[[ Given records open ]]
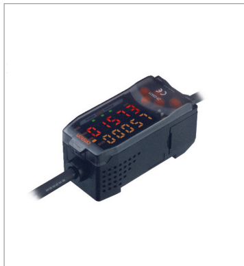
Smart Sensors (Inductive Displacement Type) ZX-EDA11 2M
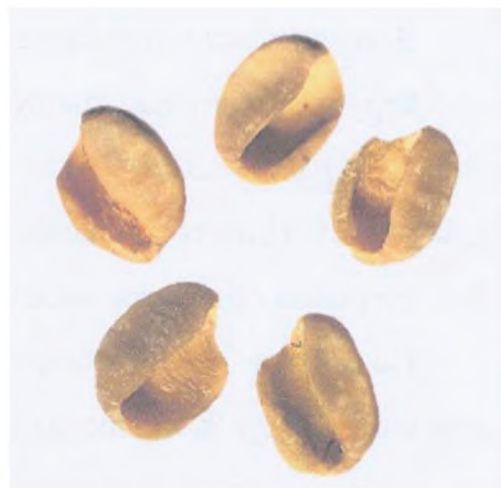
Рисунок С.6 — Зерно неправильной формы: раковины (см. 3.1)
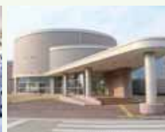
イベントワークステーション「悠久館」
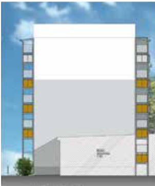
Ansicht von Osten - 1 BA

NEUIGKEITEN zum Bauvorhaben Fritz-Kube-Ring
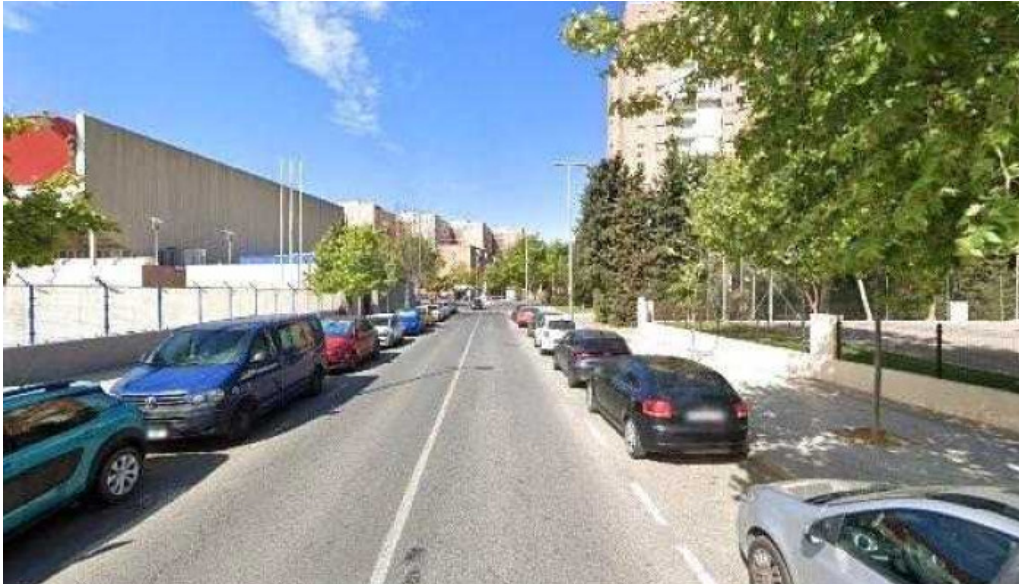
Iglesia de jesucristo de los santos de los ultimos dias cartagena sitio web
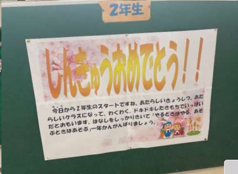
一つ一つの言葉に、先生たちの思いがたくさん詰まっています。
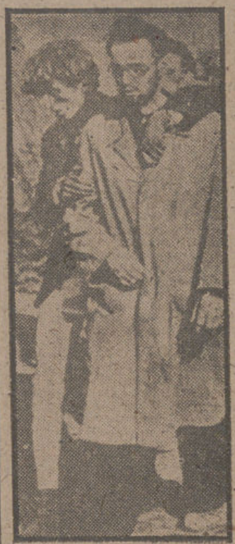
De vez en cuando, prisioneros alemanes logran escapar de la zona sujeta por los bolcheviques y alcanzan las zonas de los occidentales. He aquí el lamentable aspecto físico de dos de estos desventurados, llegados a la zona norteamericana, donde han sido atendidos como la civilización y la cultura imponen.

LONDRES, 15. (Urgente). (EFE).—En los círculos bien informados se cree que los aliados occidentales presentarán una nueva demanda dirigida directamente a Stalin, para que sea levantado inmediatamente el bloqueo de Berlín.
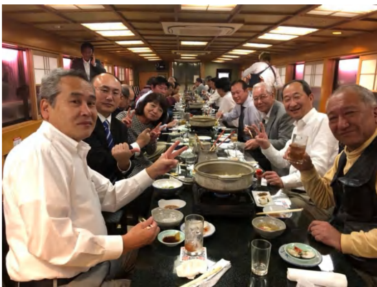
明日の活力得たと見た！皆様、素敵な笑顔有難うございました。
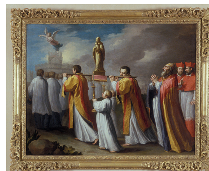
23. Horace Le Blanc Saint Grégoire le Grand en procession vers le château Saint-Ange lors de la peste de Rome de 590 Huile sur toile, 1625
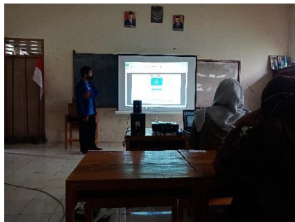
Sosialisasi dan praktek penggunaan media Quizizz
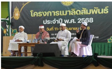
รูปภาพการดำเนินโครงการ/กิจกรรม
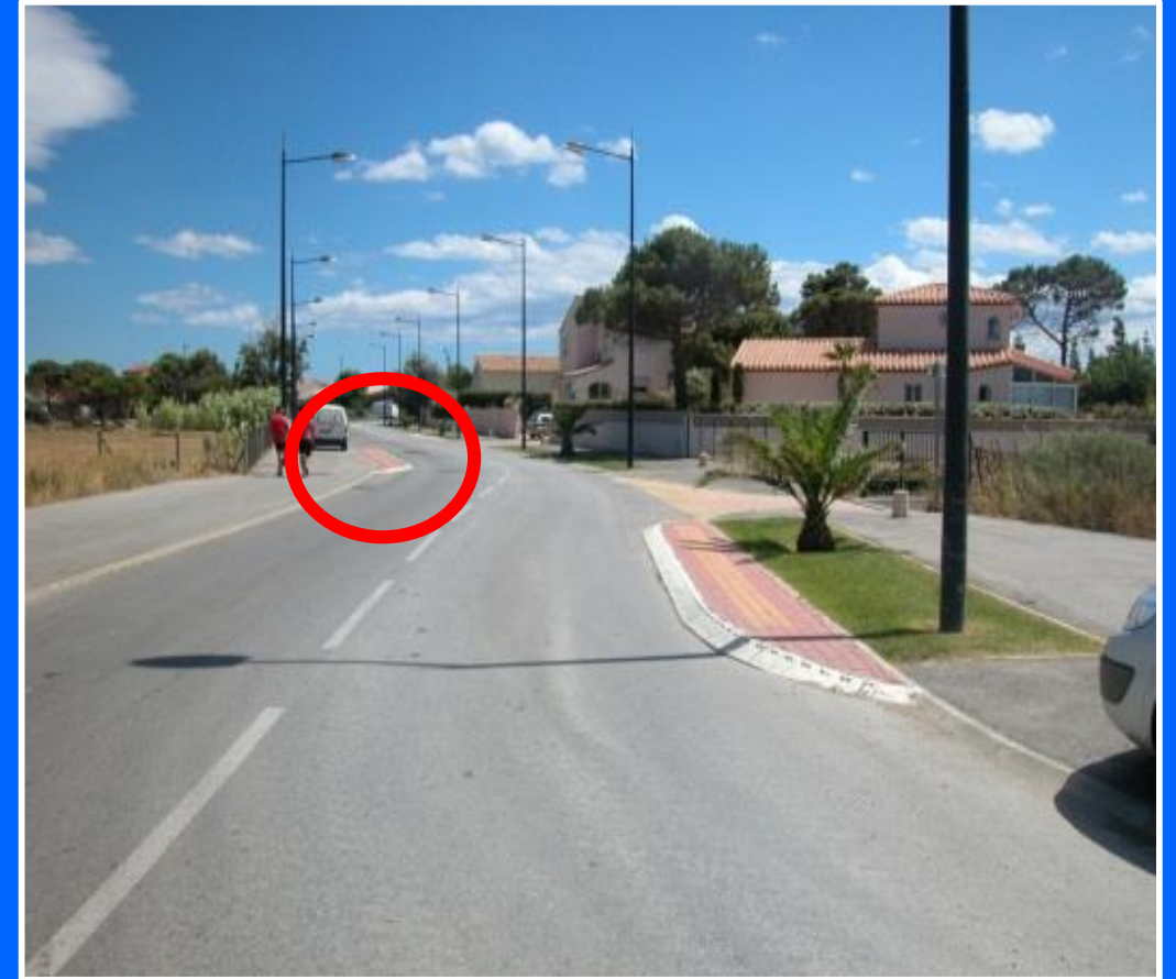
Villeneuve Les Sablons et Barcarès, France
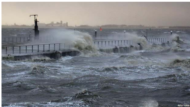
The tidal surge battered Emden in north Germany, near the Dutch border
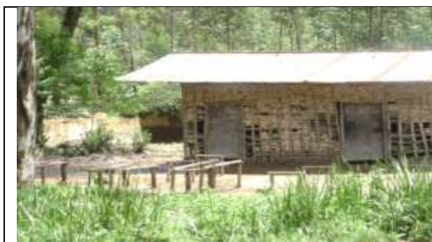
L'atelier d'apprentissage de la menuiserie d'ACPMI KITSOMBIRO

Quelques photos illustratives de la situation :
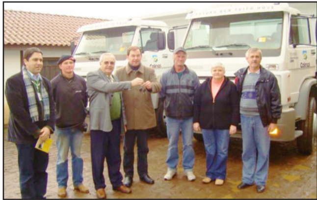
Entrega oficial das chaves dos caminhões

O Ministério da Agricultura repassou valor de R$ 195.000,00, fruto de duas emendas parlamentares, e o Município participou com R$ 183.000,00 de recursos próprios, totalizando um investimento de R$ 378.000,00.
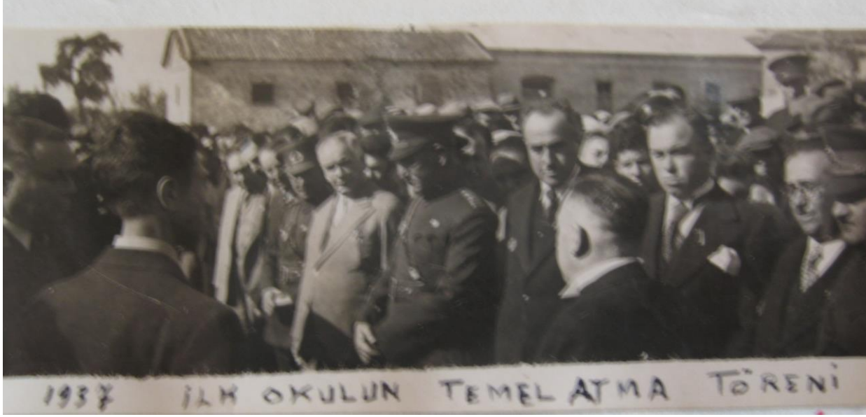
1937 yılında Camivasat Mahallesinde yeni bir okul yapımına başlanır.

Okulumuz 1901 yılında bu günkü Halk Eğitimi Merkezi olarak kullanılan binada eğitimine başlamış olup, o tarihte Karesi Bursa'ya bağlı olmasından dolayı okula o dönemin Bursa Valisi olan Tevfik Beyin adına ithaf en TEVFİKİYE OKULU adı verilmiştir. İstiklâl Savaşından sonra Gazi İlyas Okulu bu binaya taşınır ve okula BİRİNCİ İLYAS OKULU adı verilir. Daha sonraki yıllarda KIZ MEKTEBİ ve NUMUNE MEKTEBİ olarak eğitimini sürdürmüş, 1928 yılında İstiklâl Okulunun da buraya taşınması ile birlikte bu tarihten itibaren CUMHURİYET OKULU adını almıştır.
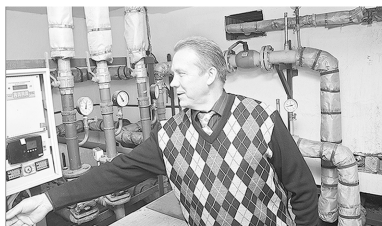
В ТСЖ «Перспектива», созданном в Коминтерновском районе города Воронежа, всегда полный порядок - хоть летом, хоть зимой.
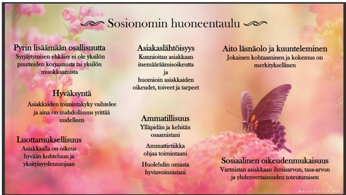
Kuvio 5: Sosionomin huoneentaulu (Pietilä 2024)

Viikon oivallukseni liittyy jokaisen hetken merkityksellisyyteen. Jokainen kohtaaminen ja kokemus luo mahdollisuuden niin henkilökohtaiselle kuin ammatillisellekin kasvulle.
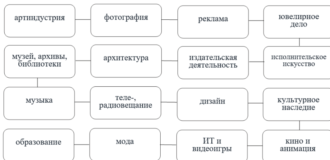
Рис. 2. Перечень объектов творческих (креативных) индустрий

Составляющие элементы креативной экономики, включающие в себя творческие и инновационные отрасли, такие как музыка, кино, дизайн, игры, архитектура, реклама и другие, которые являются объектами творческих (креативных) индустрий, представлены на рис. 2.
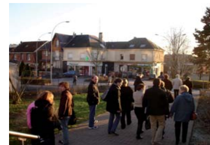
Au terme de la promenade, une place et ses commerces de proximité.
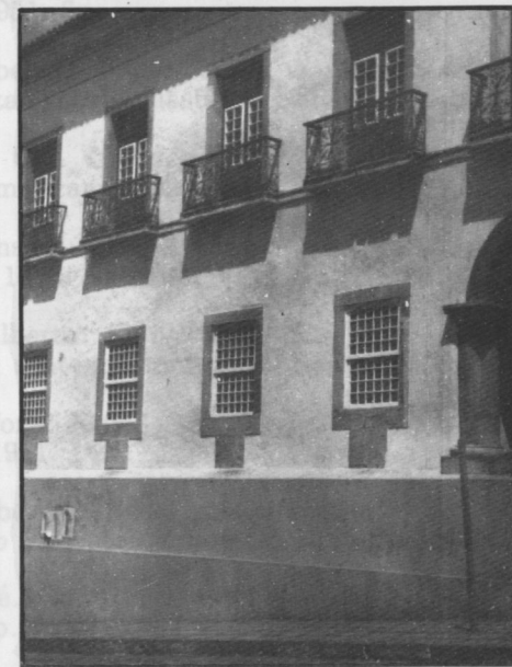
Vista lateral esquerda da Casa da Câmara (repare os "lenços" de pedra de cantaria debaixo das janelas).
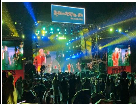
春吶 25 週年在高雄
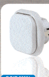
INTERRUPTEUR TÉLÉCOMMANDABLE mural à clicetron Variableur pour lampe à incandescence de 60 à 300 W.
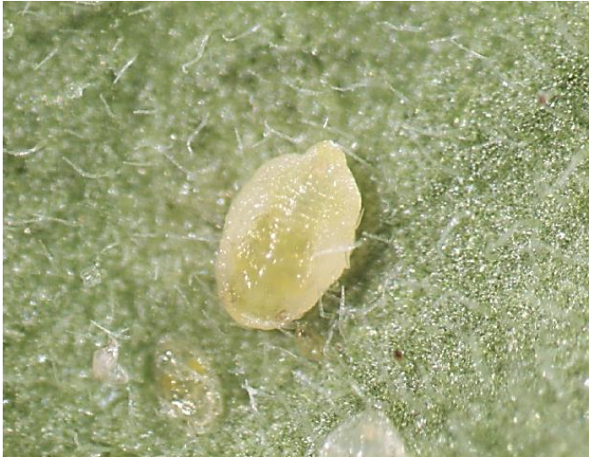
図6 タバコナジラミ
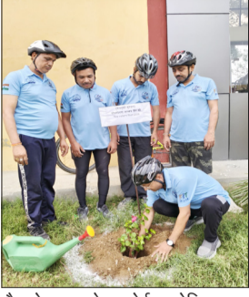
पौधारोपण करते बहजोई एथलेटिक्स क्लब के पदाधिकारी।

बहजोई। विश्व पर्यावरण दिवस के अवसर पर बहजोई एथलेटिक्स क्लब द्वारा पर्यावरण संरक्षण और जनजागरूकता को समर्पित एक प्रेरणादायी अभियान आयोजित किया गया। कार्यक्रम के अंतर्गत क्लब के पांच सदस्यों ने सुबह 5 बजे 5 किलोमीटर की साइकिल यात्रा कर पर्यावरण
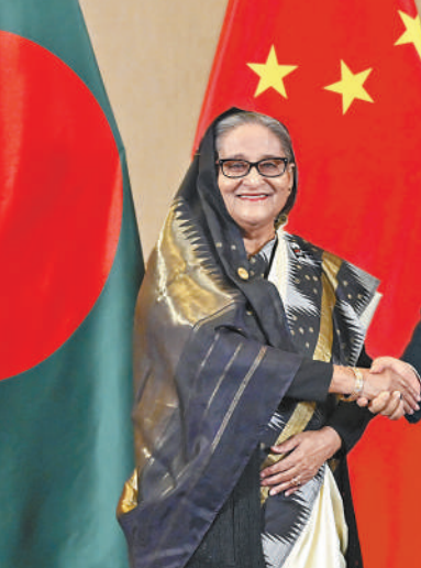
当地时间8月23日下午,国家主席习近平在约翰内斯堡出席金砖国家领导人会晤期间会见孟加拉国总理哈西娜。

本报约翰内斯堡8月23日电(记者邹松、万宇)当地时间8月23日下午,国家主席习近平在约翰内斯堡出席金砖国家领导人会晤期间会见孟加拉国总理哈西娜。
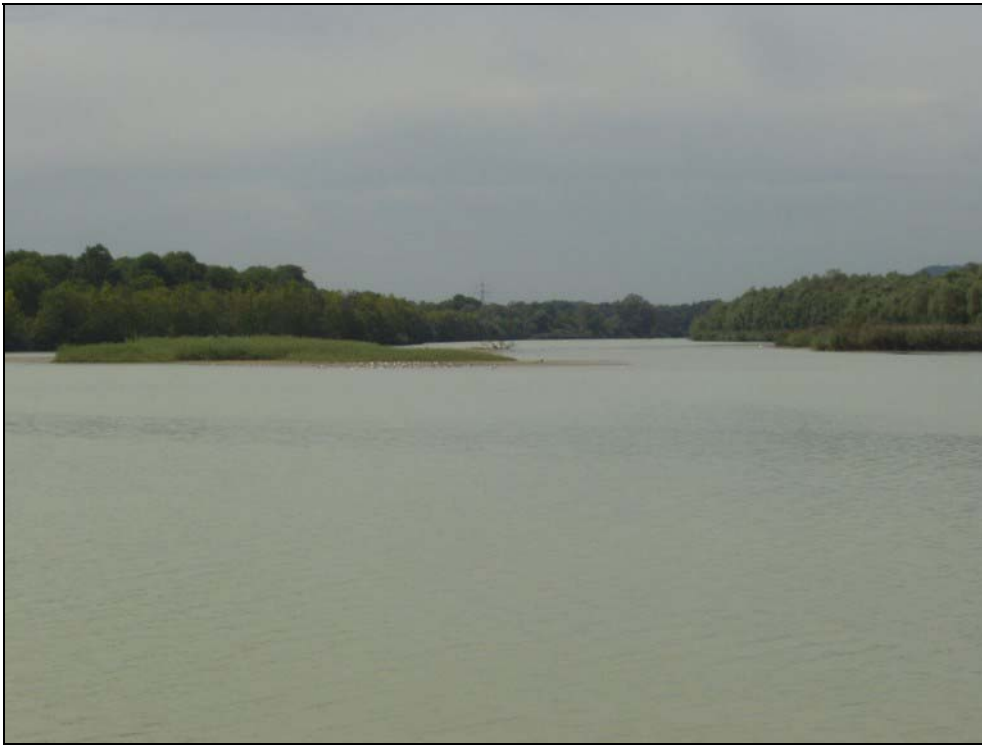
Abb. 1: Silberweidengebüsche und Schilfröhricht am Innstausee
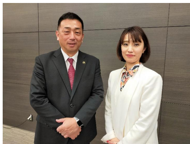
（左）橿原市長・亀田忠彦氏 （右）代表・高木麻衣

本セミナーは、同市の事業所の立地促進を目的とし、事業所の新設、増設、移設を検討している事業者を対象に、立地環境の魅力を紹介する講義を実施。橿原市長・亀田忠彦氏の新事業展開の案内をはじめ、奈良労働局 職業安定部や奈良県産業・観光・雇用振興部、橿原市 都市デザイン部が県や市の取り組みを発表しました。
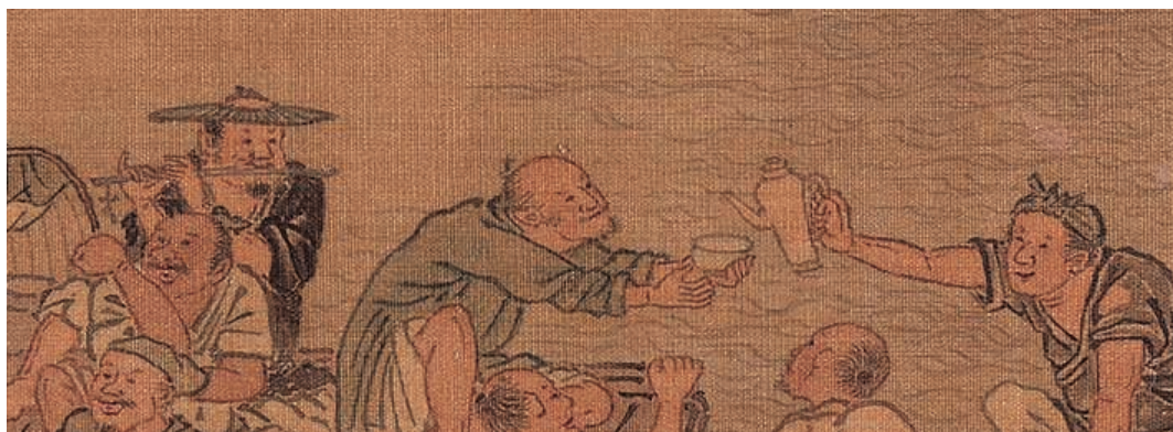
圖10-2 | 〈漁邨圖〉高舉酒碗的漁翁與後方抿唇吹笛者
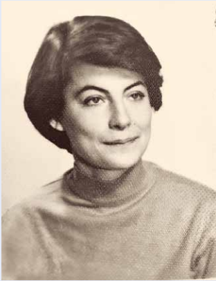
Slika 1. Slika s indeksa za postdiplomski studij, Medicinski Fakultet u Zagrebu, 1975.

Godina i mjesto rođenja: 1952.; Maribor, Slovenija
[[ Given records closed ]]
* [The task]: Consider the entries above and return each line with the string "橿原市長".

* [Answer space]:
（左）橿原市長・亀田忠彦氏 （右）代表・高木麻衣
本セミナーは、同市の事業所の立地促進を目的とし、事業所の新設、増設、移設を検討している事業者を対象に、立地環境の魅力を紹介する講義を実施。橿原市長・亀田忠彦氏の新事業展開の案内をはじめ、奈良労働局 職業安定部や奈良県産業・観光・雇用振興部、橿原市 都市デザイン部が県や市の取り組みを発表しました。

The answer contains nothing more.